Ecol Evol. 2014 Dec;4(24):4626-36. doi: 10.1002/ece3.1246. Epub 2014 Dec 2.
While studying ecological patterns at large scales, ecologists are often unable to identify all collections, forcing them to either omit these unidentified records entirely, without knowing the effect of this, or pursue very costly and time-consuming efforts for identifying them. These "indets" may be of critical importance, but as yet, their impact on the reliability of ecological analyses is poorly known. We investigated the consequence of omitting the unidentified records and provide an explanation for the results. We used three large-scale independent datasets, (Guyana/ Suriname, French Guiana, Ecuador) each consisting of records having been identified to a valid species name (identified morpho-species - IMS) and a number of unidentified records (unidentified morpho-species - UMS). A subset was created for each dataset containing only the IMS, which was compared with the complete dataset containing all morpho-species (AMS: = IMS + UMS) for the following analyses: species diversity (Fisher's alpha), similarity of species composition, Mantel test and ordination (NMDS). In addition, we also simulated an even larger number of unidentified records for all three datasets and analyzed the agreement between similarities again with these simulated datasets. For all analyses, results were extremely similar when using the complete datasets or the truncated subsets. IMS predicted ≥91% of the variation in AMS in all tests/analyses. Even when simulating a larger fraction of UMS, IMS predicted the results for AMS rather well. Using only IMS also out-performed using higher taxon data (genus-level identification) for similarity analyses. Finding a high congruence for all analyses when using IMS rather than AMS suggests that patterns of similarity and composition are very robust. In other words, having a large number of unidentified species in a dataset may not affect our conclusions as much as is often thought.

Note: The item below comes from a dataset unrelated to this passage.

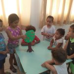 Os alunos participara de uma aula sobre como cuidar do ambiente. Fizeram uma apresentação no pátio onde houve a participação de várias salas. Trabalharam com pintura e montagem. A todo momento houve a mediação do professor.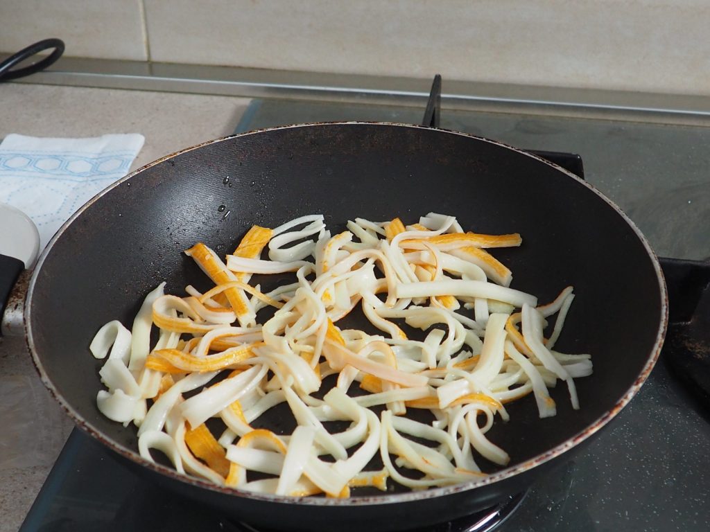 Em uma frigideira com um pouco de azeite, refogue o surimi desfiado.

在大规模研究生态模式时,生态学家常常无法识别所有的样本,这迫使他们要么完全忽略这些未识别的记录,却不知道这样做的影响,要么为识别这些记录付出极其昂贵且耗时的努力。这些“未识别样本”可能至关重要,但目前它们对生态分析可靠性的影响却鲜为人知。我们研究了忽略未识别记录的后果,并对结果作出了解释。我们使用了三个大规模独立数据集(圭亚那/苏里南、法属圭亚那、厄瓜多尔),每个数据集都包含已鉴定到有效物种名称的记录(已鉴定形态物种——IMS)和一些未识别记录(未识别形态物种——UMS)。为每个数据集创建了一个仅包含IMS的子集,将其与包含所有形态物种的完整数据集(AMS:= IMS + UMS)进行比较,以进行以下分析:物种多样性(费希尔阿尔法指数)、物种组成相似性、曼特尔检验和排序(非度量多维尺度分析)。此外,我们还为所有三个数据集模拟了更多数量的未识别记录,并再次分析这些模拟数据集之间相似性的一致性。对于所有分析,使用完整数据集或截短子集时结果极为相似。在所有测试/分析中,IMS预测了AMS中≥91%的变异。即使模拟更多比例的UMS,IMS对AMS结果的预测也相当不错。在相似性分析中,仅使用IMS也比使用更高级分类单元数据(属级鉴定)表现更好。使用IMS而非AMS时所有分析都具有高度一致性,这表明相似性和组成模式非常稳健。换句话说,数据集中存在大量未识别物种可能对我们结论的影响并不像通常认为的那么大。